Who This Helps
If you're a founder or operator juggling a dozen metrics, this is for you. The Metrics & Dashboards Basics program shows you how to cut through the noise. You'll move from chaotic updates to a clear, trusted system that drives your weekly rhythm.
Mini Case
Maya's team was tracking 20 different numbers. Every meeting was a debate about which data mattered. She defined one clear North Star metric and three supporting targets. In 4 weeks, her team's focus improved, and they shipped a key feature that boosted their primary metric by 15%. The weekly review went from a 90-minute scramble to a calm 30-minute decision session.
Do This Now (5 Steps)
- Pick Your One Thing. From all your numbers, choose a single North Star metric. Ask: "If this goes up, are we winning?"
- Find Its Friends. Define 3 supporting metrics that directly influence your main number. For example, if your North Star is Weekly Active Users, a friend could be Sign-up Completion Rate.
- Set Simple Targets. Give each supporting metric a realistic, weekly target. Start with a 5% improvement goal.
- Build the Scoreboard. Create one dashboard with just four sections: your North Star, the three supporting metrics, their weekly targets, and last week's results.

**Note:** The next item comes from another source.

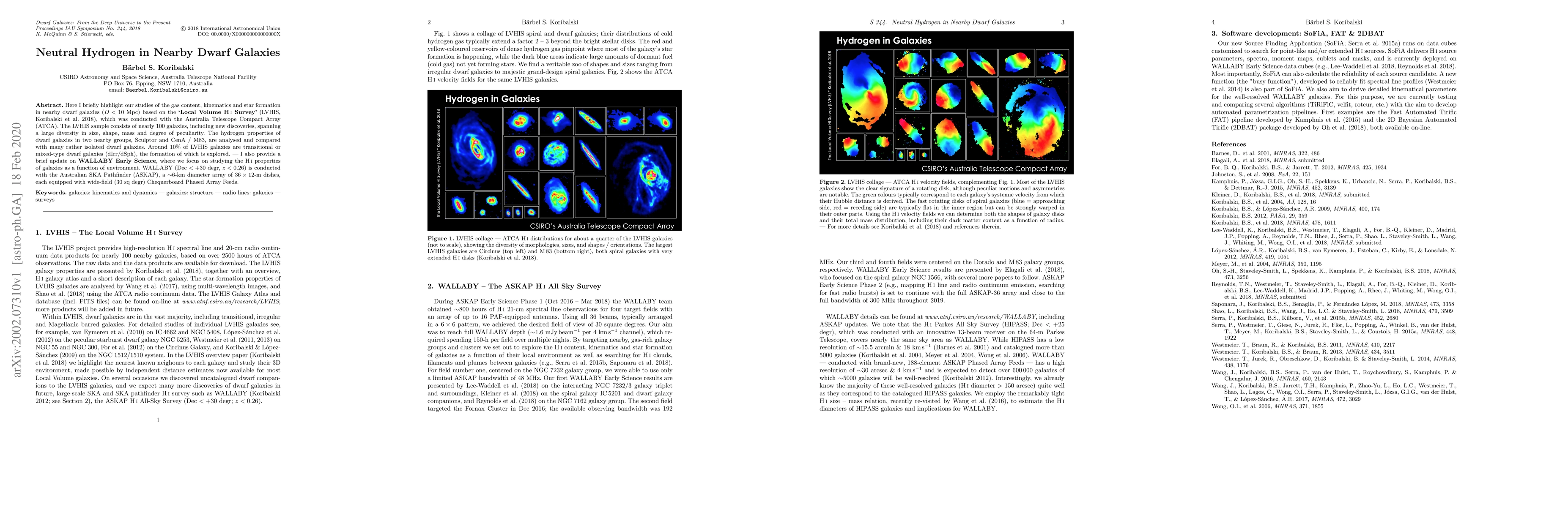 Here I briefly highlight our studies of the gas content, kinematics and star formation in nearby dwarf galaxies (D < 10 Mpc) based on the `Local Volume HI Survey' (LVHIS, Koribalski et al. 2018), which was conducted with the Australia Telescope Compact Array (ATCA). The LVHIS sample consists of nearly 100 galaxies, including new discoveries, spanning a large diversity in size, shape, mass and degree of peculiarity. The hydrogen properties of dwarf galaxies in two nearby groups, Sculptor and CenA / M83, are analysed and compared with many rather isolated dwarf galaxies. Around 10% of LVHIS galaxies are transitional or mixed-type dwarf galaxies (dIrr/dSph), the formation of which is explored. - I also provide a brief update on WALLABY Early Science, where we focus on studying the HI properties of galaxies as a function of environment. WALLABY (Dec < +30 degr, z < 0.26) is conducted with the Australian SKA Pathfinder (ASKAP), a 6-km diameter array of 36 x 12-m dishes, each equipped with wide-field (30 sq degr) Chequerboard Phased Array Feeds.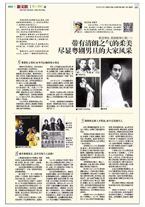 粤剧历史中,也有不少优秀的男花旦和女小生。让我们一一领略他们的别样之美。那种略带“硬朗”的收敛,反而提升出大家风范的娇媚。 在上世纪30年代之前,粤剧禁止男女合班 粤剧不仅有男花旦,而且在很长一段历史时期内,只有男花旦。据《粤剧大辞典》介绍,粤剧在1933年以前都是禁止男女合班的,清末民初的人寿年、祝华年、祝康年等戏班均为全男班。作为戏班演戏交通工具的红船,更是禁止女性上船。当时的迷信观念认为,有女人上过船,船就会翻。曾有一些戏班偷偷聘用女花旦,但只是昙花一现。光绪二十八年(1902)乐同春班,1912年共和乐班,都曾一度起用女旦,但不久即被禁止。 随着时代进步,迷信观念渐渐减少。20世纪30年代,男女合班先后在香港、广州出现。 1933年秋天,香港取消禁止男女同班的禁令,薛觉先、唐雪卿、陈锦棠等临时组织男女班,先后在香港普庆戏院、高升戏院演出。同年,太平剧团也组织男女班,原来的主要演员是马师曾、半日安、谢醒侬,加聘谭兰卿、上海妹、麦颦卿三位女艺人为花旦,在香港、澳门演出。其后白驹荣也在香港组织“风雅”男女班。 直至今天,中国戏剧戏曲舞台上,亦有阴盛阳衰之气象。此为后话。 不久前,京剧表演艺术家梅葆玖离世时,梨园纷纷为失去一名京剧乾旦而痛惜。如今,乾旦已经成为“濒危行当”了。 清代粤剧花旦,名字还有几人记得? 从粤剧的发展历史不难看出,早期的花旦,全是由男性演员扮演的。勾鼻章、仙花发、美人昌、大家广、白蛇森、蛇王苏、扎脚文并称清代七大花旦。这些早期的粤剧乾旦大多连照片都没有留下,只有一些带有传奇色彩的掌故轶闻。美人昌留下了一张78转胶木粗纹唱片,十分难得。曲名《闺留学广》,花旦为美人昌,小生为小生铎。蛇王苏则有后人保留下一些照片和1917年出版的《梨园杂志》,里面有《优伶列传蛇王苏》一文。蛇王苏原名梁垣三,先任花旦,后兼编剧。所编剧本有《海盗名流》、《龟山起祸》等。蛇王苏的后人梁庆祥说,如今家中已无人听粤曲。扎脚文也许并不是很多人记得,但他却有个大名鼎鼎的学生,就是白驹荣。1912年,白驹荣在“民寿年”班任第二小生,师傅就是扎脚文,师徒二人还合演过《仕林祭塔》、《闺留学广》等戏。此前一年,白驹荣还在“天演台”志士班跟男花旦郑君可学戏。 在这些早期粤剧乾旦中,最有名的就是勾鼻章。他不仅演戏演得好,还是粤剧解禁的功臣。勾鼻章原名何章,艺名新章,擅唱“金线吊芙蓉”腔,代表作是《太白和番》、《苏武牧羊》、《刘备过江招亲》等。清同治七年(1868),时任两广总督的瑞麟为母亲贺寿,请戏班到总督府演戏。勾鼻章在《太白和番》中饰演杨贵妃,老夫人看着很喜欢,认勾鼻章为义女。勾鼻章常去总督府探望老夫人,熟络了以后,通过老夫人向瑞麟求情,经瑞麟向朝廷奏准,1871年正式解除了对粤剧的禁演令。 粤剧乾旦曾经人才辈出,如今后继乏人 此后,粤剧越来越成熟,各个行当人才辈出,也涌现了很多名花旦。肖丽湘、肖丽章、千里驹、嫦娥英、陈非侬、林超群、谢醒侬等男花旦,声名鹊起。就连不是花旦行当的马师曾和薛觉先,也反串饰演过一些女性角色。 肖丽湘(1878-1941),原名黄焕堂,新会人,首本戏有《桂枝告状》、《三春审父》、《崔子弑齐君》、《金叶菊》等。尤擅演悲剧。他演《金叶菊》,每次演到“读家书”一段,观众必哭。于是戏班海报上会特别标明“肖丽湘读家书”。 肖丽章原名古锦文,鹤山人,擅唱南音、木鱼,精于武戏,而唱曲幽怨,常使观众泪湿衣衫。 千里驹(1888-1936)原名区家驹,号仲吾,广东顺德人。12岁学艺,21岁当正印花旦。千里驹能生能旦,文武双全,代表作是《金叶菊》、《再生缘》、《顺母桥》、《舍子奉姑》、《夜送寒衣》、《蔡文姬归汉》,《崔子弑齐君》、《昭君出塞》、《玉楼春怨》等,被称为“伶圣”。 陈非侬(1899-1984)原名陈景廉,新会人,代表作是《玉梨魂》、《危城鹣鲽》、《夏金桂》、《宝蟾进酒》、《梁祝恨史》等。陈非侬在上海演出时,请小说家严独鹤介绍,拜访京剧“四大名旦”梅兰芳、程砚秋、荀慧生、尚小云,钻研乾旦表演技艺。陈非侬晚年把演戏生涯写成《粤剧六十年》,还整理了《粤剧的源流和历史》,成为粤剧历史的宝贵资料。 林超群(1906-1955)原名林元挺,广东南海人。1917年,“南海名伶之父”金山和到平洲招募幼童入戏班,收林超群为徒。金山和见林超群扮相俏丽、嗓音甜润,就培养他做旦角。林超群出师后在乐群英班当正印花旦,很受欢迎,随后在人寿年、胜寿年等班任正印花旦。代表作有《十美绕宣王》、《双龙争艳》、《三十六迷宫》、《威震火焰山》、《金粉英雄》等。林超群的女儿林小群、林锦屏,还有弟子孔雀屏,都是著名粤剧花旦。林超群有几首录音留存,初听宛如娇美女声,细听之下,感受到一种相当有分寸的力量拉住声音与情绪,反添跌宕。这是乾旦歌声的含蓄之美,十分耐听。 这些大名鼎鼎的粤剧乾旦,我们已无缘看到他们的演出,而在如今一些年纪较大的演员身上,依稀还能寻得一些他们的乾旦师傅的痕迹。但真正愿意从事乾旦的演员已经越来越少。观众审美习惯转变,传统戏剧戏曲的路不好走,乾旦的路就更不好走。香港几年前拍过一个纪录片,名为《乾旦路》,讲述的,就是行走在狭窄道路上不被理解的孤独。世界

- Schedule the Review. Block 30 minutes every Monday morning with your key stakeholders to look at this dashboard together. That's it.
Avoid These Traps
- Don't try to track everything. A dashboard with 20 charts is a dashboard that no one uses.
- Don't use vague metrics like "engagement." Be specific: "Users who completed the core workflow 3+ times this week."
- Don't skip the weekly review. Consistency turns data into a habit.
- Don't let perfect be the enemy of good. Your first dashboard will be simple, and that's a feature, not a bug.
- Don't forget to celebrate small wins when you hit a weekly target. A little confetti goes a long way.
Your Win by Friday
By this Friday, you'll have a one-page dashboard blueprint. You'll know your one key number and its three supporting actors. You'll have a calendar invite sent for your first calm, focused weekly review. You'll replace data anxiety with clear direction. Let's get that decision-making momentum back.